Jean-Christophe Hanché fait partie de ces artistes qui utilisent la photographie pour exprimer leur vision du monde.
Il s'est fait reconnaître par son travail sur les réfugiés au Libéria, au Sierra Léone, au Sud-Liban, en Palestine,
au Kenya ("Dadaab, le plus grand camp de réfugiés du monde") ou encore les sans-papiers, les exclus de la société en France.
Coup de cœur de la bourse du talent Kodak Picto en 2009 pour son reportage sur les migrants de Sangatte-Calais,
il réalise régulièrement des séries pour Libération, Le Monde et l'Agence Gamma. Des images sensibles et lumineuses,
à la frontière entre photographie documentaire et expression artistique, qui opposent la vie à la misère, une "joie malgré tout"
dans ces lieux en souffrance.
En parallèle, Jean-Christophe Hanché a toujours développé des projets personnels autour de recherches plus plastiques. Des parcours faits de juxtapositions d'images où des séquences narratives cohabitent avec des fragments isolés pour créer des visions énigmatiques et fécondes.

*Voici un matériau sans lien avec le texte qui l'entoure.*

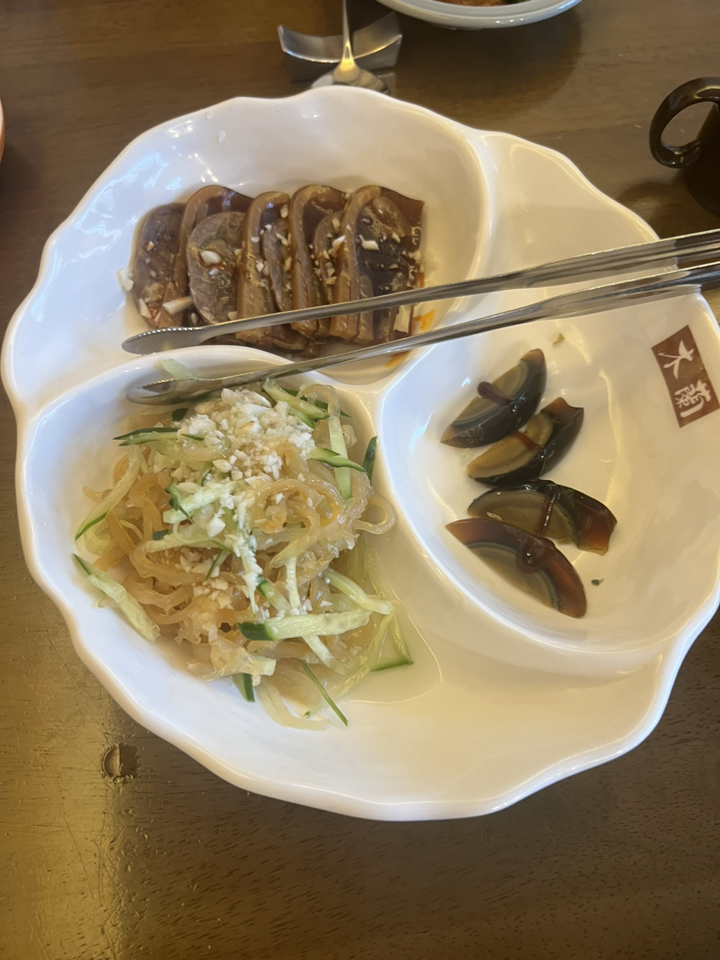 이제 C코스의 음식이 차례대로 나오기 시작한다. 이품 냉채는 냉채와 함께 정체를 알 수 없는 편육 같은 고기와 계란이 나온다. 쫄깃한 식감이 나쁘진 않아서 그냥 ‘아 이런 음식이구나’하고 넘어갔다. 팔보채와 유린기는 딱 머릿속에 떠오르는 그 맛. 무난하게 맛있지만 크게 임팩트 있지는 않았다.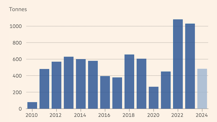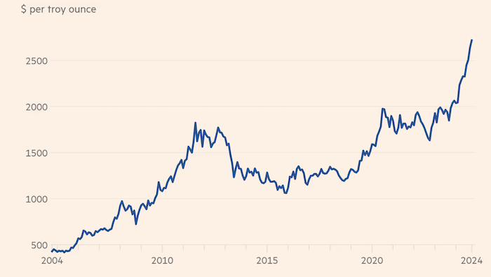 Цены на золото несколько раз обновили исторический максимум в 2024 году. Источник: The Financial Times

Son travail sur la Cathédrale de Reims n'aurait pu voir le jour sans ces prises de vue répétées et fondatrices. Car loin de toute tentative descriptive, il superpose à la capture de la réalité, une volonté esthétique : jeux graphiques décalés, conflits de clarté et d'ombres, sonorité des couleurs, grain des textures... Comme un rêve de pierre sculpté par la lumière, une fusion entre le réel et la chimère. Ainsi vont les images de Jean-Christophe Hanché. Dans un monde minéral où l'impalpable se manifeste, où l'immatériel devient présence charnelle, aux confins du visible et de l'invisible, ses photographies nous font passer de l'autre côté du miroir et semblent vouloir nous conduire au revers du temps.